That clasp of hands, the touching embrace that followed: it came across as completely authentic, entirely unstaged. It touched me deeply, and I wasn't alone. Here's what a non-European posted on Twitter. I'm from the Middle East. This picture moves me nearly to tears - curiously, more than I find it moves young Europeans. Do young Europeans even realize what has been achieved? It's nothing less than sacred, because peace is sacred, because human life is sacred.

I ended my last blog by writing that "there is nothing left to say. Except to be thankful". That's still true today. A picture's worth a thousand words. Yet there is more to say, and I want to write it while the events of this extraordinary weekend are still vivid in the memory. Here are three comments I'd like to make.

First, and most important, could we have asked for a more powerful image of reconciliation and friendship than this? France and Germany had fought each other no fewer than three times in the century leading up to the end of the last war. The Franco-Prussian War of 1870-71 and the Great War of 1914-18 had cost both nations dear. France, especially, had suffered unimaginably. Among elderly French people, bitter memories even of the earlier conflict were still alive in the 1960s when I started visiting France. To them, the second world war with its terrible destructiveness was an inevitable aftermath of those earlier wars, a continuation of a story of European conflict that would never come to an end.

Up to the time I was born, exactly half-way through the twentieth century, it was inconceivable that these two great European powers could ever be friends. Do young Europeans even realise what has been achieved? asked my middle-eastern Tweeter. Maybe even older Europeans like me haven't quite taken it in. To anyone with a feeling for modern history, it does seem like a miracle. Not that these two leaders should stand together at such an emblematic site, but that their meeting should be so genuine, their gestures so spontaneous, so deeply felt by them both. These are the kinds of events that define history, and that promise great hope for the future. Isn't this what those who fell in war went to their deaths for?
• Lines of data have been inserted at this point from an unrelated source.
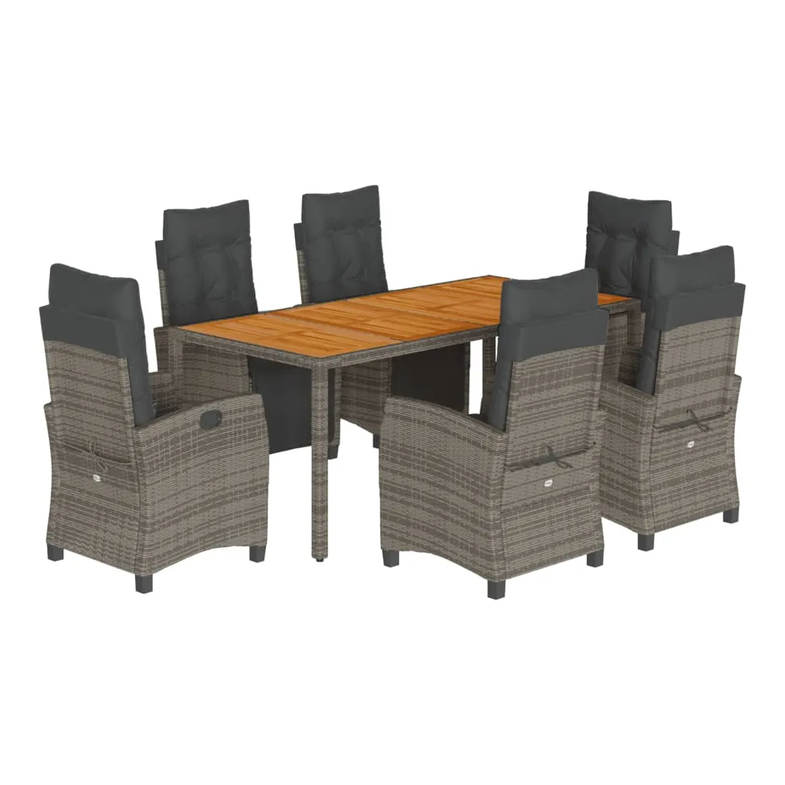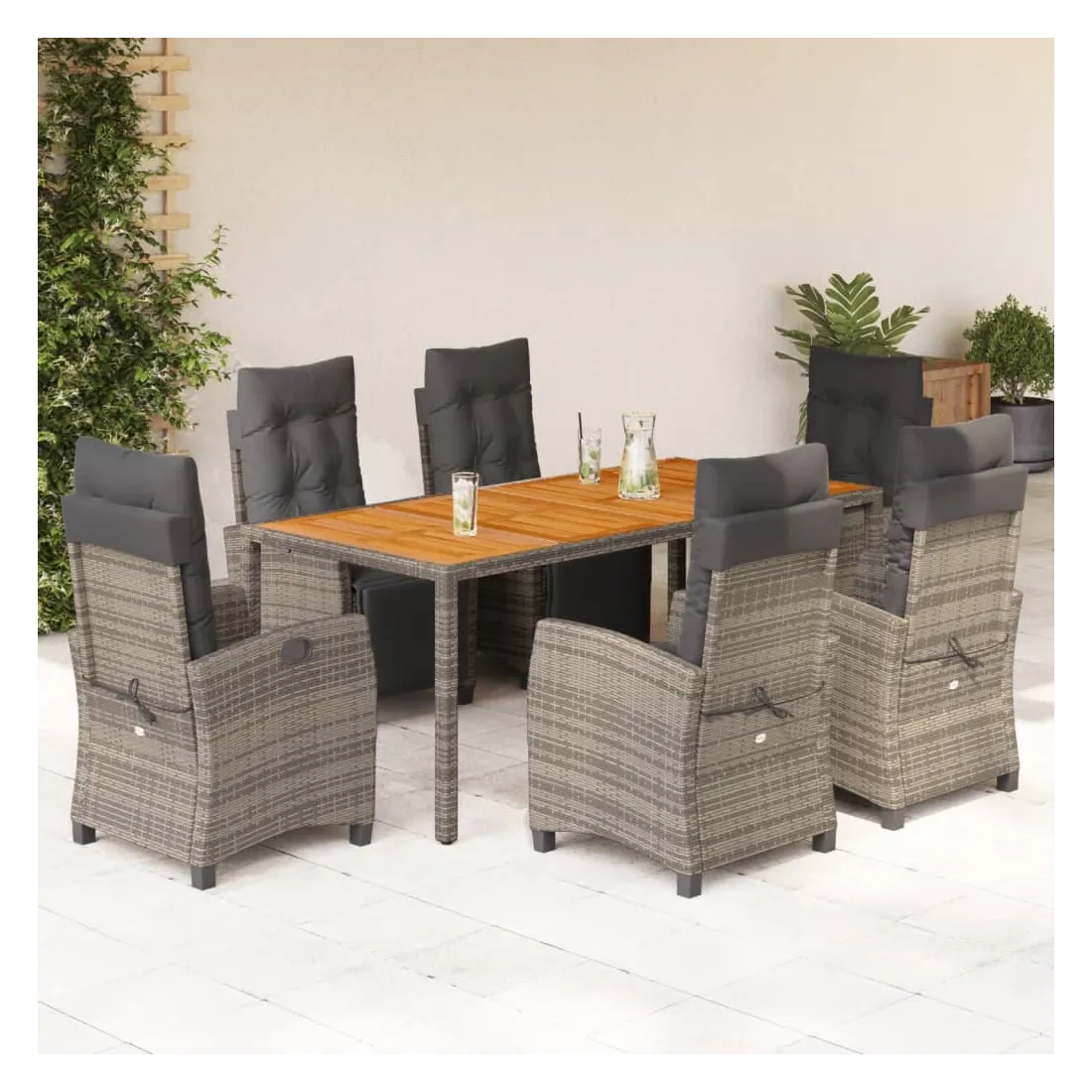Cet ensemble de salle à manger de jardin est un excellent choix pour les repas en plein air ou pour vous détendre dans le jardin, l'arrière-cour ou le patio. Matériau durable : la résine tressée, également connue sous le nom de poly rotin, est un matériau synthétique solide et nécessitant peu d'entretien qui ressemble au rotin naturel. Il est léger, facile à nettoyer et couramment utilisé pour les meubles d'extérieur en raison de sa durabilité et de ses propriétés de résistance aux intempéries.Dossier et repose-pied réglables : ce siège de jardin est doté d'une poignée. Vous pouvez régler le dossier et le repose-pied dans n'importe quelle position en tirant sur la poignée, et les remettre rapidement dans leur position initiale.Dessus stable et facile à nettoyer : cette table de jardin a un dessus en bois d'acacia robuste, durable et facile à nettoyer avec un chiffon humide.Expérience d'assise confortable : ce mobilier d'extérieur, doté de coussins épais, offre une expérience d'assise confortable.Housse amovible et lavable : ces coussins de siège sont dotés de housses amovibles pour un lavage et un entretien faciles. Bon à savoir :Pour que vos meubles d'extérieur restent beaux, nous vous recommandons de les protéger avec une housse imperméable.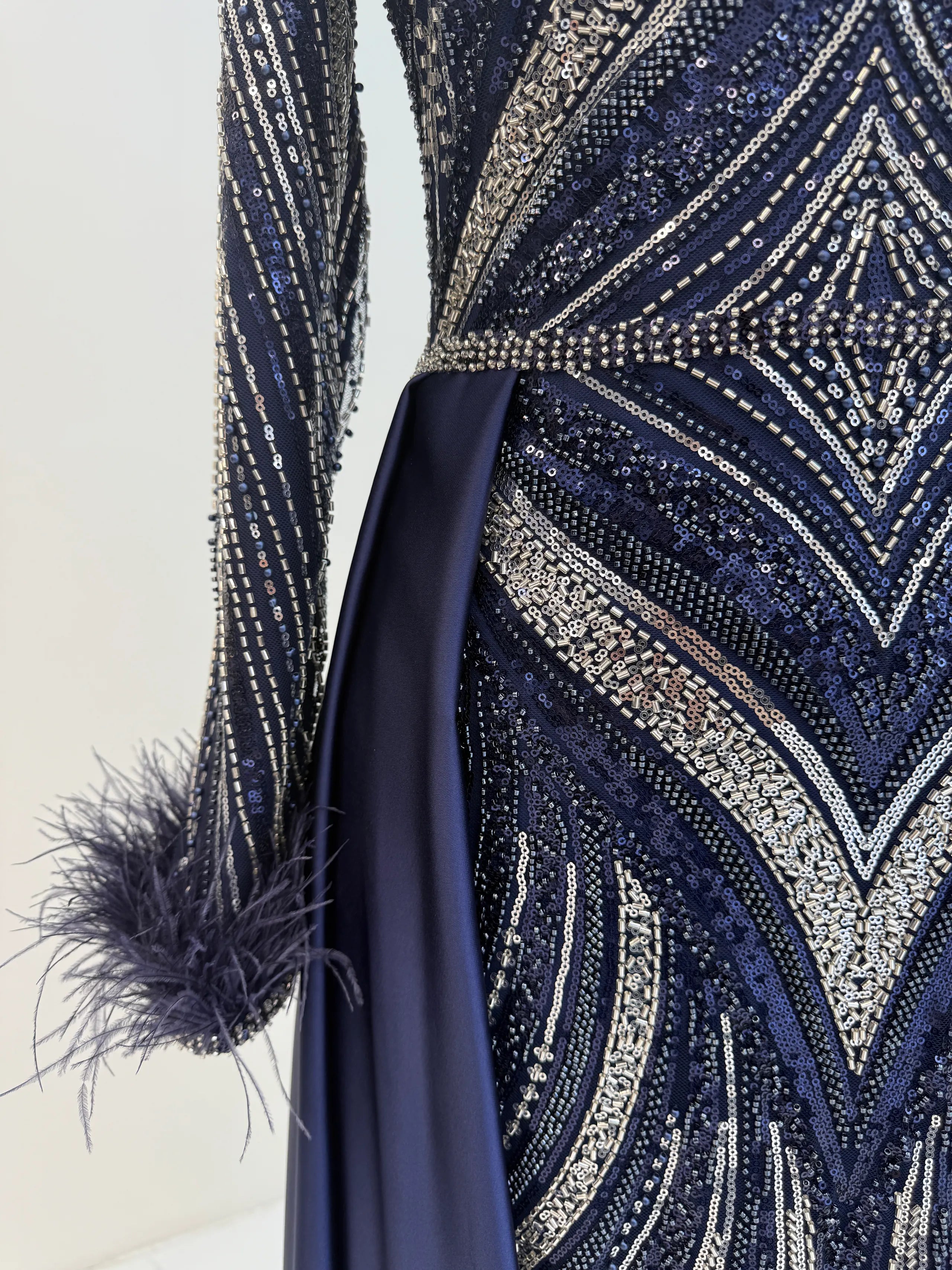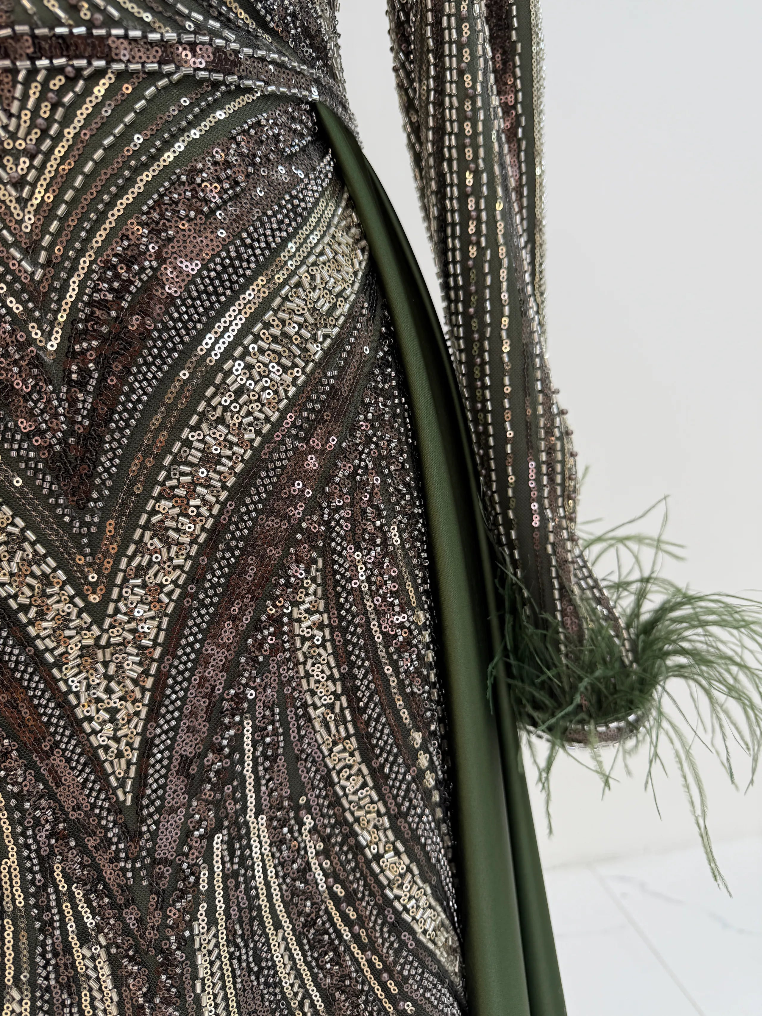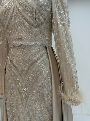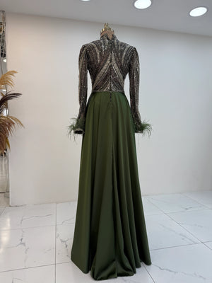 Abiyenin kol uç kısımlarında tüy detayı bulunur arka sırt kısmında gizli fermuar bulunmaktadır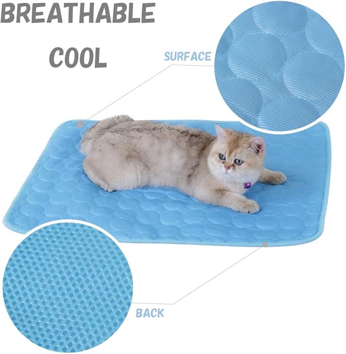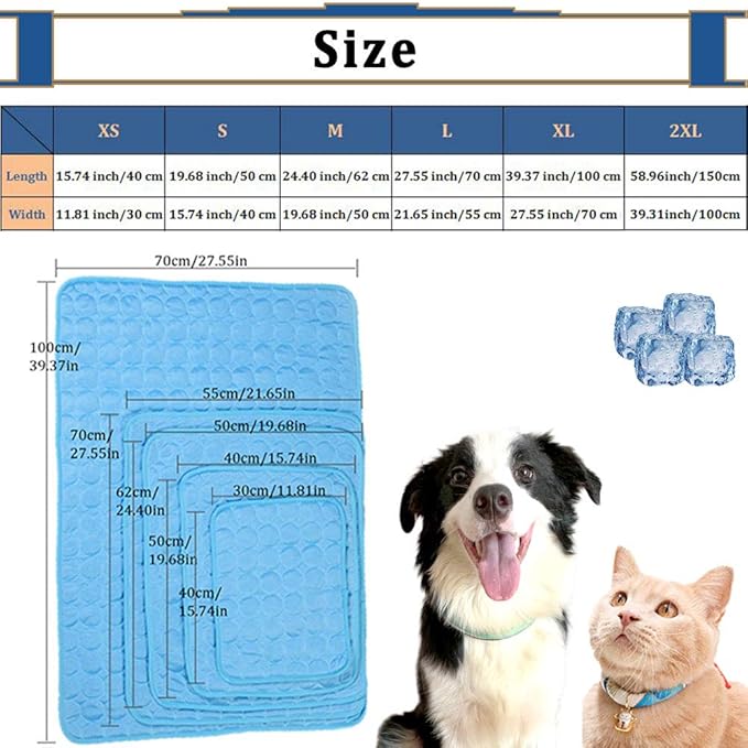 ペットが寝ているか横になる場所に冷却パッドを置きます。横になるとすぐに、体温が下がり始めます。 表面素材のクーリングパッドとしてアイスシルク素材を使用しているので、ペットは触ると涼しくなります。 肌触りが良く、冷たい感じで夏の猛暑を一気に和らげます。

Secondly, as I tried to argue in my last blog, we need to understand what's made this difference. I don't think that reconciliation just happens, or that time is automatically a great healer. Many - maybe most? - of the conflicts of our time are caused precisely because of old wounds that are opened up afresh, unhealed memories that are allowed to fester. What's different on continental Europe is the intention not to allow historical injuries to blight the lives of succeeding generations. "Parents have eaten sour grapes" as the prophet Ezekiel says (18.2), but that's no reason for their children's teeth for ever to be set on edge.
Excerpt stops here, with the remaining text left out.